A side note, it’s worth remembering that you can backtest your strategies through past recessions to work out how you would have performed trading those market conditions!

Should You Still Be Trading Forex During A Recession?

There is really no firm answer whether you should be trading through a recession because it largely depends on your trading strategies and risk tolerance. The only real downside of trading through a recession is potentially increased volatility within the markets, which may lead to increased losses and price action becoming void. However, this potential for increased volatility is also great for traders to capitalize on, so there are certainly benefits for keeping your trading lights on! Whatever you decide, we always recommend that our prop firm funded traders reduce their risk to manage draw downs during periods of increased volatility.  

For day traders, intraday traders and scalpers, you’re almost immune to any economic factors in the world! Whether the price of a currency is sharply increasing or decreasing against a basket of other currencies, there are always going to be normal price action patterns happening on the lower time frames.

For example, if you look for a large bullish push on the daily time frame – you’ll always find plenty of buy or sell opportunities on the 5-minute time frame.


For swing traders and position traders, you’ll be more affected and need to be much smarter with which longer term positions you’re looking to enter. However, if you get this right – you’re going to have some potentially huge swings on your hands.


For swing traders that primarily trade price action, I’d recommend utilizing and learning fundamental trading to go alongside your skillset of technicals – to ensure you’re taking the right trades and able to hold them for a longer duration during a recession.

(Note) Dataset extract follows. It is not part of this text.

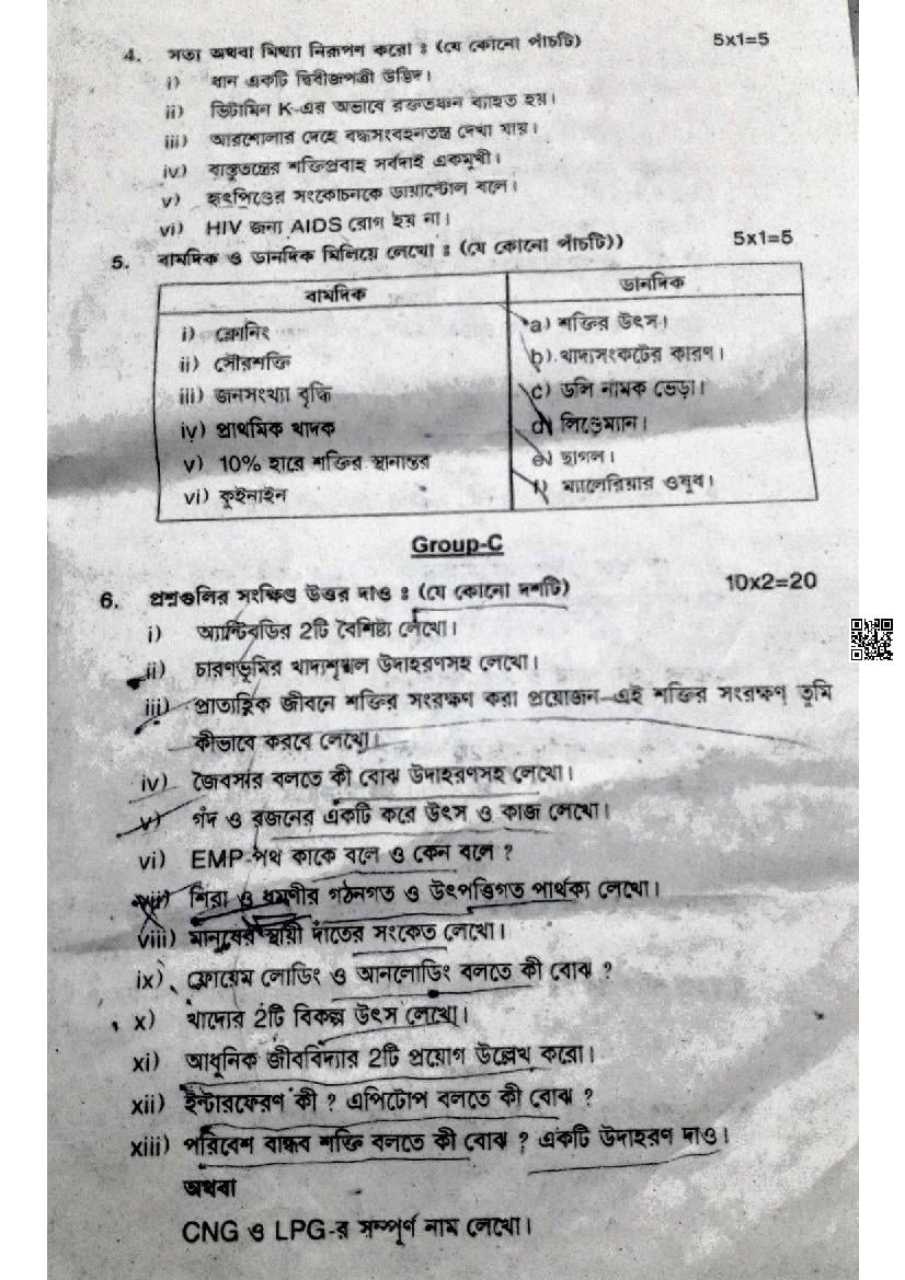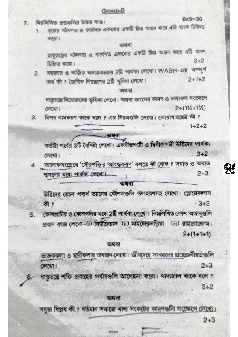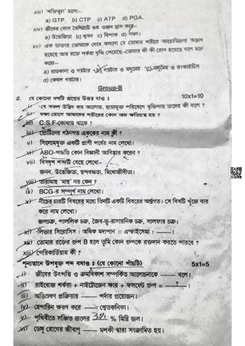 The previous year question paper of West Bengal Board for class 9 (Class 9) Life Science is as follows.

What Happens To Gold During A Recession?


Gold has always been known as a safe haven for investors during times of increased volatility and recession. This isn’t just a rumor, and it can be a great place for traders to focus their efforts, as Gold usually sees an increase in price during volatile periods. It’s worth remembering, however, that as leveraged forex traders you can easily go long, but also short the market – this means you can still make large profits on currencies that are decreasing in value. This opens the door to still being able to trade a whole range of pairs during a recession – however, gold is going to be a good bet!

In Conclusion – Will A Recession Impact Forex Traders?

In summary, during a recession, the forex markets will become less predictable and much more volatile for traders looking to take long-term positions within the markets. However, for traders focusing on intraday trading, there will be little impact! If you’re looking to stay ahead of the markets, you’ll need to understand the fundamental factors driving the recession and how these will impact the price of the currency. However, short term traders need not focus too much on this as regardless of the strength of a currency, they will still be able to scalp positions!